THE RUMBLING, ROARING WORLD OF SPEED, ESCAPE, AND ADVENTURE ON TWO WHEELS

Enjoyable and informative—one of the best books on the topic in years.

Propulsive story of the mythologized, misunderstood universe of motorcycling.

Johnson (White Heat, 2007, etc.) balances his nerdy-gearhead side with precise, vivid prose and a clear understanding of his subject’s history and technology. The author views the motorcycle as several things—fascinating narrative of technical advancement within an unforgiving marketplace, an eternal social metaphor and the most physically exhilarating experience available. He begins with an intimate discussion of the mythic “open road” (“the landscape writes itself on your body, mile after mile”), reflecting his devotion to his lifelong obsession. Involved with motorcycles for 40 years, he grew up riding, starting with the smallest cycles available to a risk-entranced child, and has ridden nearly every kind of bike: high-end Italian Ducatis, off-road bikes, a Japanese touring cycle and various obscure, much–sought-after British bikes. Johnson ties broad personal experience to countless aspects of the topic, including valuable pointers on how to behave around “one-percenters,” outlaw bikers. He establishes expertise with a highly detailed history of the motorcycle’s development, which began nearly 150 years ago, and became popular enough in the early 20th century so that in the United States and Britain “manufacturers sprang up everywhere”—most of which were slain during the ’70s by the Japanese Big Four (Honda, Yamaha, Kawasaki and Suzuki).
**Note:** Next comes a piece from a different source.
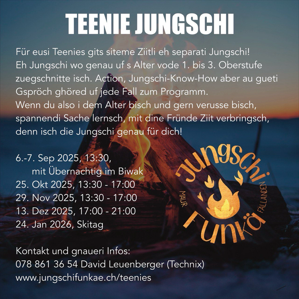 Du bist aus dem Jungschialter rausgewachsen und gehst in die 1. bis 3. Oberstufe? Dann haben wir genau für dich spannende actionreiche Momente bereit. Komm auch in die Teenie Jungschi und finde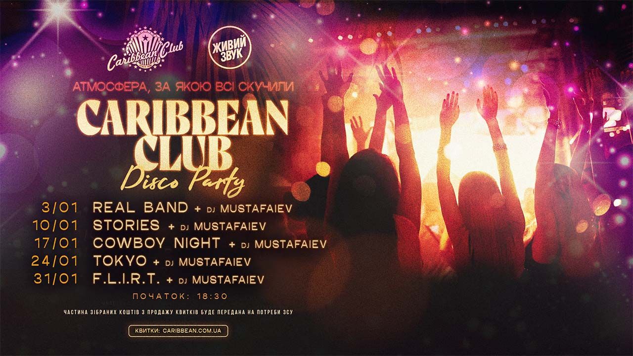 У січні клуб традиційно запрошує на Caribbean Disco Party — серію вибухових вечірок із кавер-гуртами, улюбленими хітами й танцями до пізнього вечора.

Johnson argues that innovation has always been propelled by daredevils and eccentrics on the far edge of racing and high-risk riding, leading to no shortage of competitive shenanigans. The author seems addicted to competition and speed himself, covering the insular worlds of “flat-track” (cement) racing, motocross (dirt racing), hill scrambles (crazily risky and incongruously family-friendly), world prestige races like the Isle of Man TT and the Dakar Rally, and the world-record cult that revolves around the Bonneville Salt Flats. Johnson captures the obsessive excitement of motorcycle culture with enough verve to make nonriders understand, and jealous, although he doesn’t undersell its dangers.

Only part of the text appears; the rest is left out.